5 Replies Latest reply on Oct 24, 2010 12:13 AM by netlogix

    Overview of RC Testing

    bwiechman

      Quick Rundown on new features and functionality testing/issues noted

      • Active Directory authentication integration with group support
        • Not tested
      • Dependencies 2.0 / Basic Root Cause Analysis
        • Basic groups/dependencies set up. Status of group updated as the underlying status changes.
          • Would it be possible to include the reason for the child node degraded state in the vent log. Currently it says something like: "Group X is in a warning state because Node Y is in a warning state". You have to drill into the node to dredge up the state.
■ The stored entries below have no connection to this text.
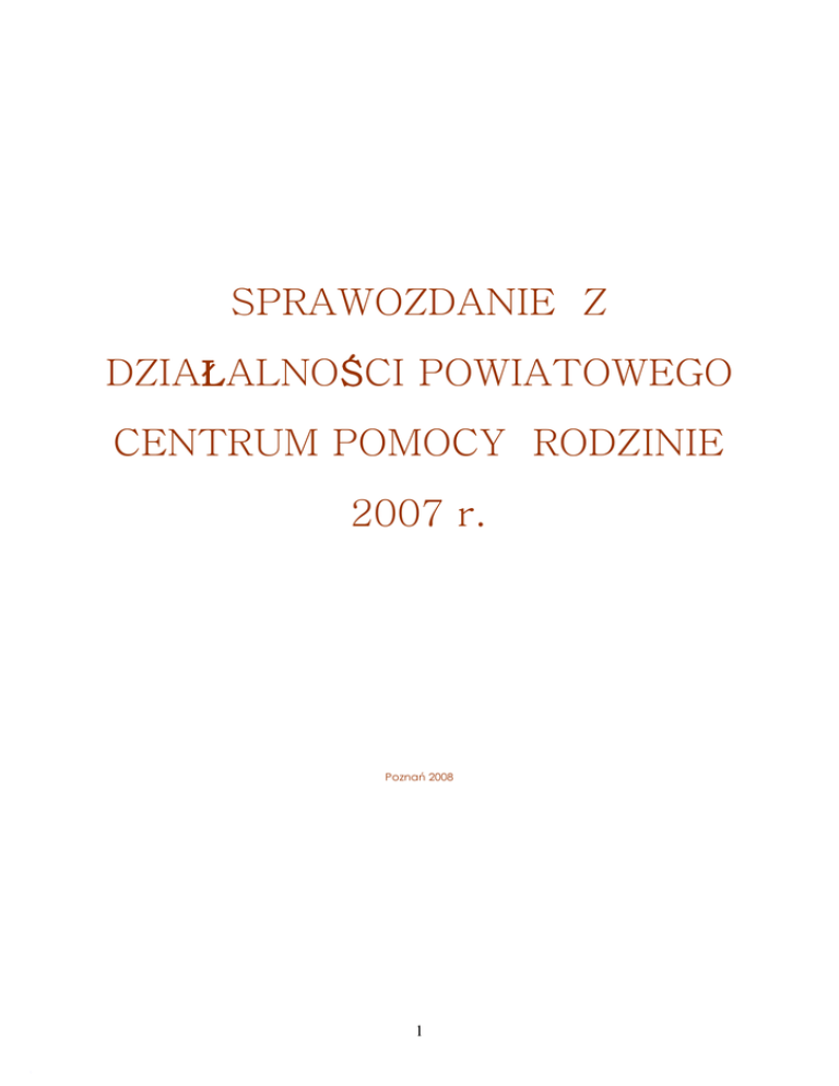 SPRAWOZDANIE Z DZIAŁALNOŚCI POWIATOWEGO CENTRUM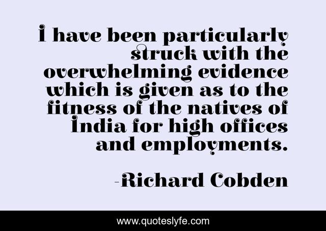 This page presents the quote "I have been particularly struck with the overwhelming evidence which is given as to the fitness of the natives of India for high offices and employments.". Author of this quote is Richard Cobden. This quote is about high, india, evidence,.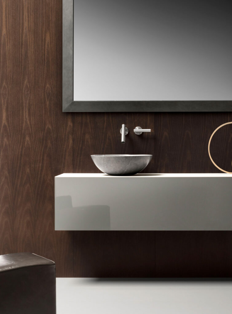 Le finiture laccate sono realizzate a mano su pannelli di MDF E1/Carb2, con vernici all’acqua, su fondo poliestere per ambienti umidi. Per le laccature lucide il processo prevede inoltre la laccatura diretta a più mani, procedimento che garantisce una uniforme, eccellente e duratura brillantezza.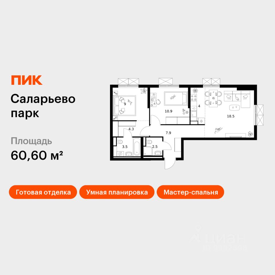 Продаётся 2-комн. квартира площадью 60,6 кв.м на 10 этаже 22 этажного дома (Корпус 56.2 , Секция 3) проекта ПИК Саларьево парк. Светлый просторный подъезд на уровне земли, функциональная планировка, большие окна, c отделкой.

Would be much more useful if the event said something like "Group X is in a warning state because Node Y is in a warning state due to <Insert triggered event here>".
        • Child objets are marked down when a parent node or interface goes down. I have several parents defined as groups (typically wireless point to point links - one end goes down the link is down so it works). It would be service impacting to trigger a down condition of one node. In this case if one node in the parent group is marked down, will the children be marked unreachable or down? What would the expected behavior be?
      • VMware infrastructure monitoring
        • Basic functionality looks like it works. Some issues with object references. Sounds like the root cause has been identified. Waiting for fix.
        • Unable to fully test. vCenter server suffers from the above noted problem so datacneters/clusters not retrieved at this time. Will do additional testing once those issues are resolved.
      • Dynamic Service Level Groups
      • Ability to PDF Reports and Web Console Views via Report Schedule
        • Tested. No issues noted. 
      • Cisco UCS Support (Unified Computing System)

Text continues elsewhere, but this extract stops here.